**Exercise goal:**
Without the pictures, retype exactly the lines from the top of the entries below through the line that contains "Early in the".

**Collected data entries:**
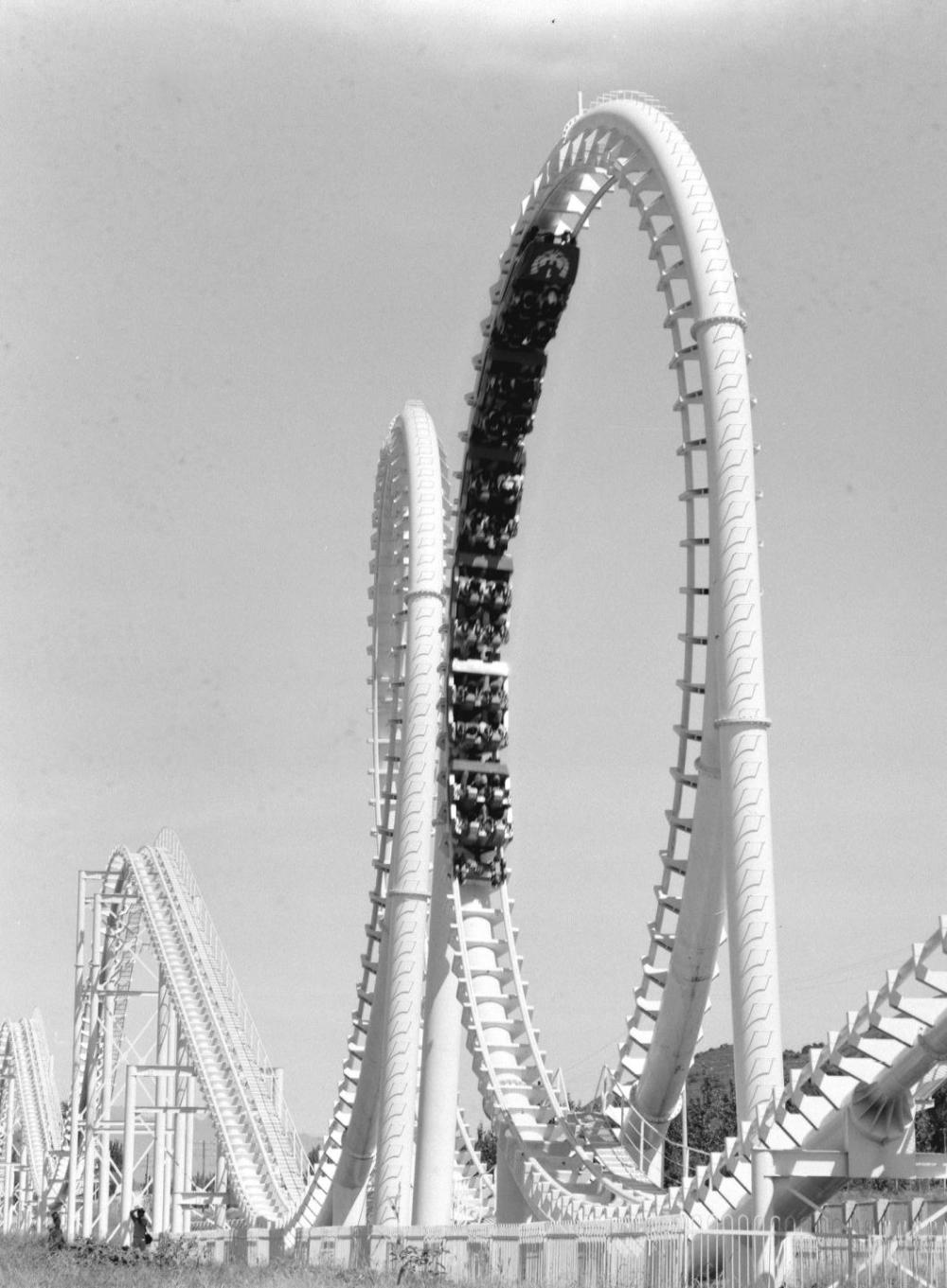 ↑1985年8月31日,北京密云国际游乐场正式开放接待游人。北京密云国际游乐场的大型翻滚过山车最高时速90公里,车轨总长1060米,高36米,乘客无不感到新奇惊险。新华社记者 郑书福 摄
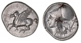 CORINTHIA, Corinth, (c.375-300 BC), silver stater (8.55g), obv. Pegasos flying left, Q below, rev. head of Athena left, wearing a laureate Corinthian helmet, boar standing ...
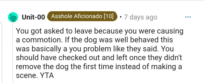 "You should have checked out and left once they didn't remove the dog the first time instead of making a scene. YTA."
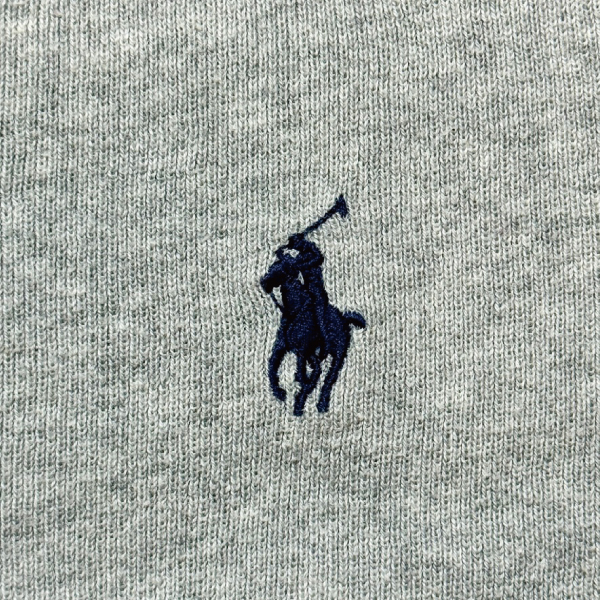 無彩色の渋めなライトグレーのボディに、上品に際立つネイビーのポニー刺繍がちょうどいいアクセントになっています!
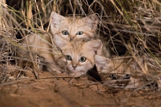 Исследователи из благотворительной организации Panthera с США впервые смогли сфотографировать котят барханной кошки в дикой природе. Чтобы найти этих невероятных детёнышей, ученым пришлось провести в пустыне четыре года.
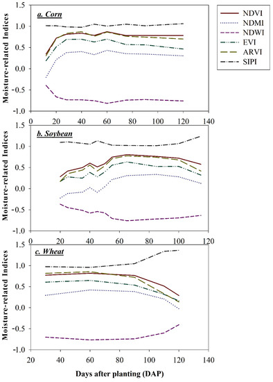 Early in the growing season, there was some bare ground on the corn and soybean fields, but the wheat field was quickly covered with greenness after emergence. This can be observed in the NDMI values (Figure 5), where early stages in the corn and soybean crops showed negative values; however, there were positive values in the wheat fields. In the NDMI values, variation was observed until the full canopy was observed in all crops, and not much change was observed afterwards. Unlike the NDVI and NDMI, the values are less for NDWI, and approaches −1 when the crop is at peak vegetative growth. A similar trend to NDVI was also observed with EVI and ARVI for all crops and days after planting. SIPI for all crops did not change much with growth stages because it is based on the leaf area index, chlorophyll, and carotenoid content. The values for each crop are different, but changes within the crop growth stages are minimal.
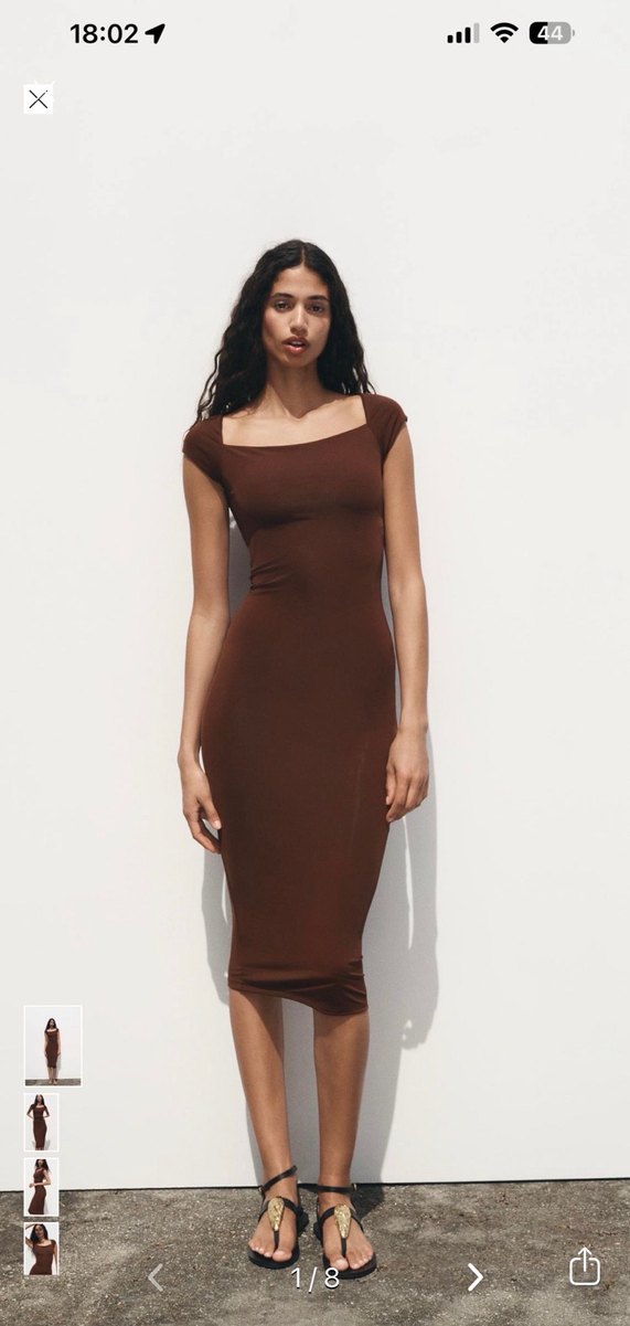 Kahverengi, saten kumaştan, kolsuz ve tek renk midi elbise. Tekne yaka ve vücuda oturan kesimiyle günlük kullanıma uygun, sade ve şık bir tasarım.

**Result:**
 ↑1985年8月31日,北京密云国际游乐场正式开放接待游人。北京密云国际游乐场的大型翻滚过山车最高时速90公里,车轨总长1060米,高36米,乘客无不感到新奇惊险。新华社记者 郑书福 摄
 CORINTHIA, Corinth, (c.375-300 BC), silver stater (8.55g), obv. Pegasos flying left, Q below, rev. head of Athena left, wearing a laureate Corinthian helmet, boar standing ...
 "You should have checked out and left once they didn't remove the dog the first time instead of making a scene. YTA."
 無彩色の渋めなライトグレーのボディに、上品に際立つネイビーのポニー刺繍がちょうどいいアクセントになっています!
 Исследователи из благотворительной организации Panthera с США впервые смогли сфотографировать котят барханной кошки в дикой природе. Чтобы найти этих невероятных детёнышей, ученым пришлось провести в пустыне четыре года.
 Early in the growing season, there was some bare ground on the corn and soybean fields, but the wheat field was quickly covered with greenness after emergence. This can be observed in the NDMI values (Figure 5), where early stages in the corn and soybean crops showed negative values; however, there were positive values in the wheat fields. In the NDMI values, variation was observed until the full canopy was observed in all crops, and not much change was observed afterwards. Unlike the NDVI and NDMI, the values are less for NDWI, and approaches −1 when the crop is at peak vegetative growth. A similar trend to NDVI was also observed with EVI and ARVI for all crops and days after planting. SIPI for all crops did not change much with growth stages because it is based on the leaf area index, chlorophyll, and carotenoid content. The values for each crop are different, but changes within the crop growth stages are minimal.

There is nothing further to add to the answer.